Congress is divided on what to do about our expensive but highly dysfunctional health care system. Congressional opponents of the Affordable Care Act (ACA) today will vote for the 62nd time to repeal the Act without offering any replacement, and President Obama will veto the legislation. In contrast, supporters of health care reform would like to improve the system so that it works better for everyone.
There are two approaches to improving the system: either build on ACA and the existing financing system, or replace it with a single payer system. Today’s report is by two highly respected professors who are personally dedicated to health care justice – Timothy Stoltzfus Jost and Harold Pollack – and they would build on ACA. Thus today’s report represents the best of the “repair and improve” approach.
Take a close look at the nineteen recommendations by these two revered individuals who really care about our health care system, and then think about what impact these recommendations would have. Most of the them would hardly qualify as tweaks, though several of them would certainly be beneficial if we were to support the perpetuation of the current system. But what they do not do is to provide a new financing infrastructure that we would need to improve efficiency, equity, universality, access, quality, comprehensiveness, affordability, portability, and to reduce the administrative burden through public administration – features of a single payer national health program.
We can be thankful that we have individuals like Timothy Jost and Harold Pollack who have dedicated themselves to improve what we have. Until we can enact a single payer system, we need their efforts to continue. Yet they concede that “improvements to the ACA that require congressional action are unlikely.” That is the same reason given for not advocating for a single payer system – it supposedly is not politically feasible. But you don’t compromise policy for politics.
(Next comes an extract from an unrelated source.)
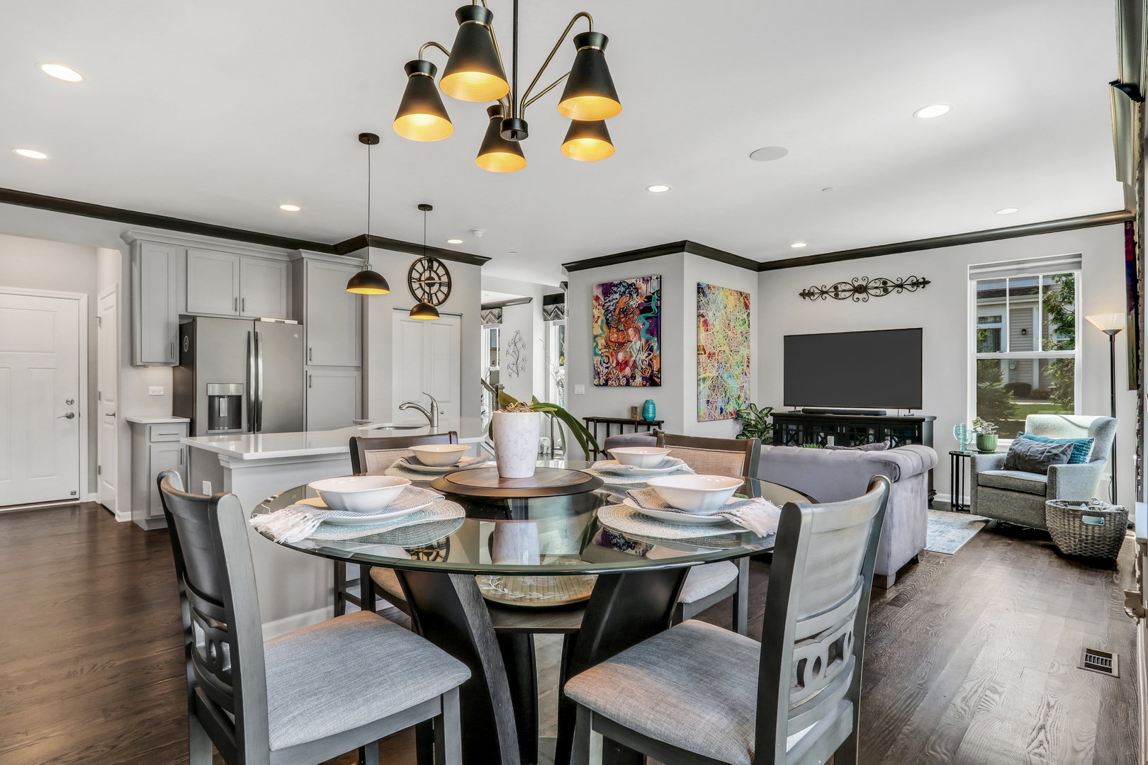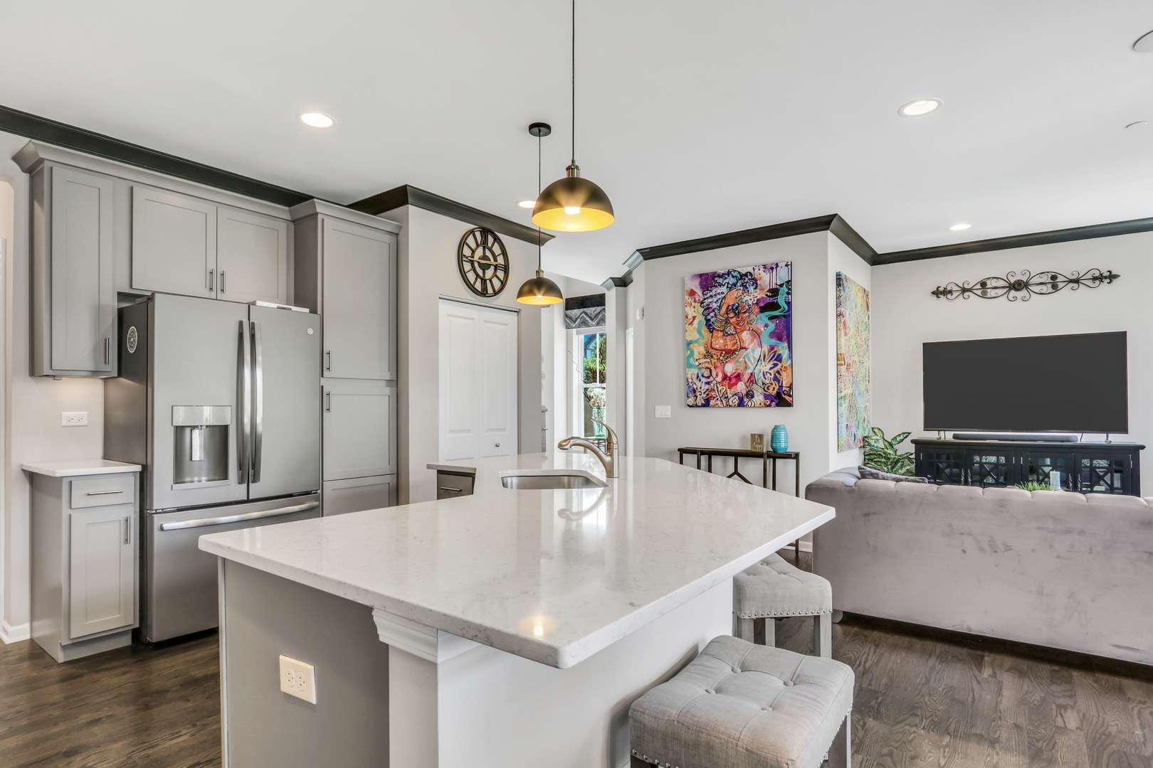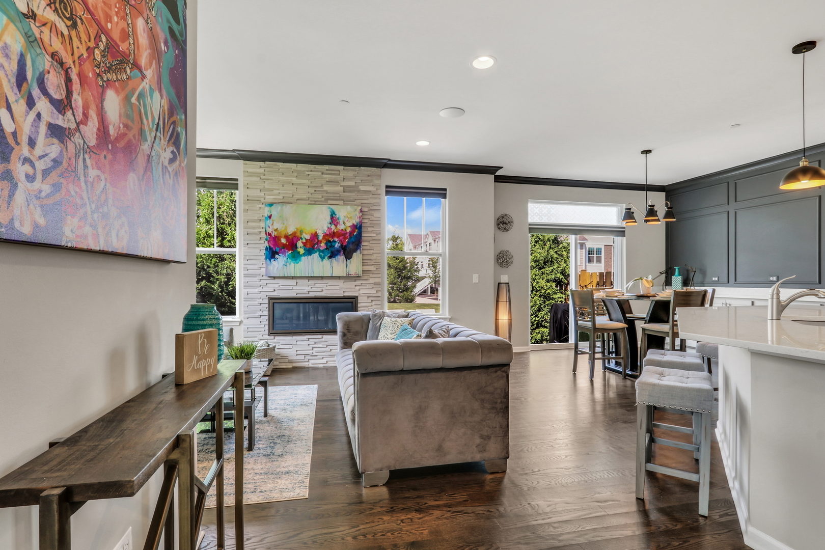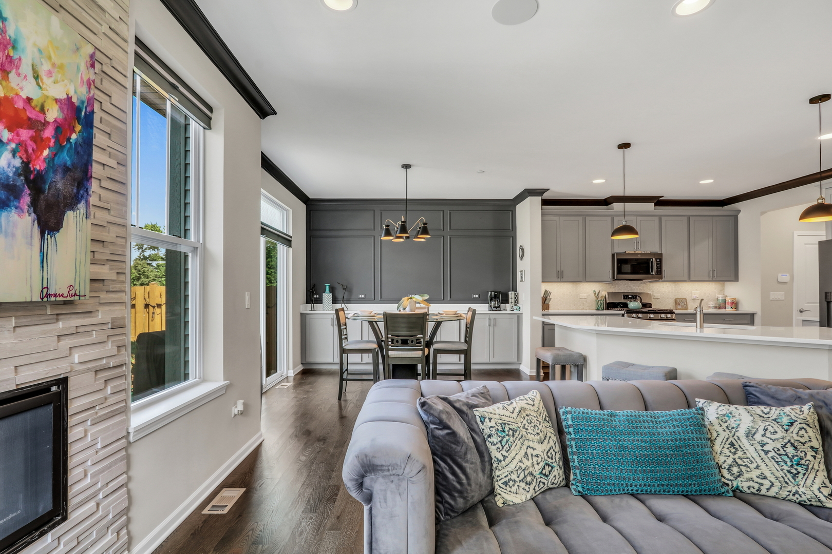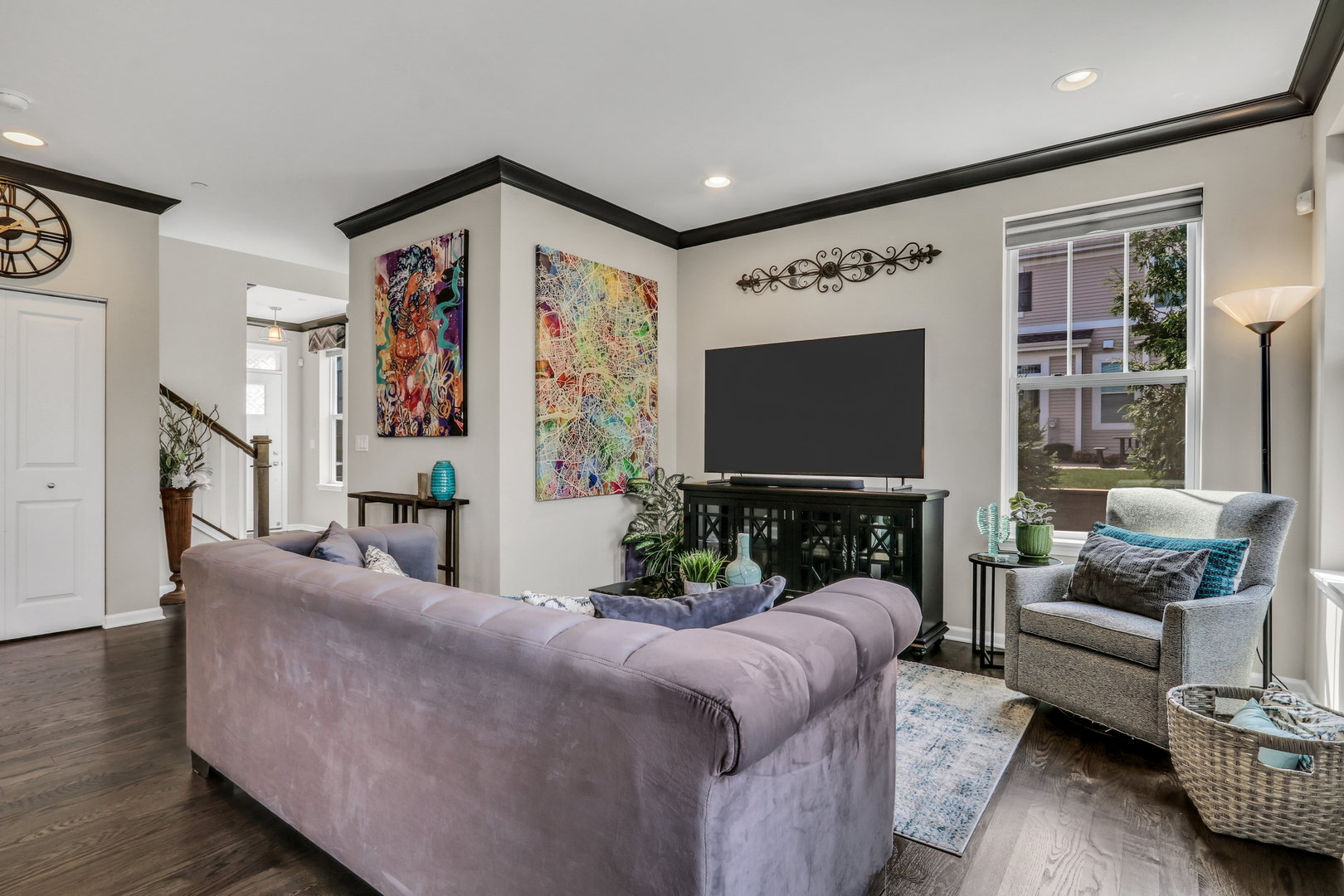 Welcome to this show-stopping builder’s model townhouse-where high-end style, modern upgrades, and incredible attention to detail come together to create a home that truly shines! From the moment you step inside, you’ll fall in love with the sun-drenched, open-concept layout and gleaming brand-new hardwood floors (2023) that flow seamlessly throughout both the first and second levels. The entire space feels fresh, sophisticated, and inviting. The chef-inspired kitchen is an absolute showpiece! With a gorgeous custom accent wall, high-end finishes, and upgraded paint throughout, it’s the heart of the home and perfect for hosting friends or enjoying your morning coffee in style. Custom crown molding, designer wallpaper, and elevated touches bring a sense of luxury to every corner. Upstairs, the vaulted ceilings in the bedrooms create an airy, spacious vibe, while custom up-and-down window treatments let you play with light and privacy any time of day. The serene primary suite is your personal retreat, featuring a spa-like bathroom with a stunning soaker tub you’ll never want to leave, plus upgraded closet systems that make organizing a breeze. Love to entertain? You’ll swoon over the extended back patio-perfect for evening cocktails, weekend BBQs, or simply soaking up the sun. And for music lovers, the premium whole-home Sonos sound system delivers rich, vibrant sound across both levels, creating the perfect soundtrack for everyday living or your next gathering. Major updates include: Kitchen appliances (2018, except dishwasher-brand new in 2024), Beautiful hardwood floors (2023), Furnace and AC (2018), Sump pump (2018). This one-of-a-kind, light-filled townhome is completely move-in ready and has been thoughtfully curated with designer touches throughout. Get ready to fall in love-this is model home living at its absolute finest!

You change politics so that you can achieve optimal policy.
Unfortunately Harold Pollack has a problem with PNHP. He has written, “I happen to dislike PNHP leaders’ unhelpful stance in the current debate,” and “I wish the group would talk and act rather differently in this debate,” and “Indeed its leaders denigrate important provisions of ACA that expand access for 32 million people and protect millions against catastrophic financial risks.” In fact, we have supported the beneficial gains of ACA as important transitional improvements until we can move the political process to achieve single payer. This matters because this abrasiveness has reduced the framing to incremental changes or nothing, when the framing should be incremental changes or single payer.
From the list in this report, the proposed incremental changes are far too feeble when compared to the need. I feel certain that Timothy Jost would be on board if there were a politically feasible path to single payer. I just wish Harold Pollack would join us as well.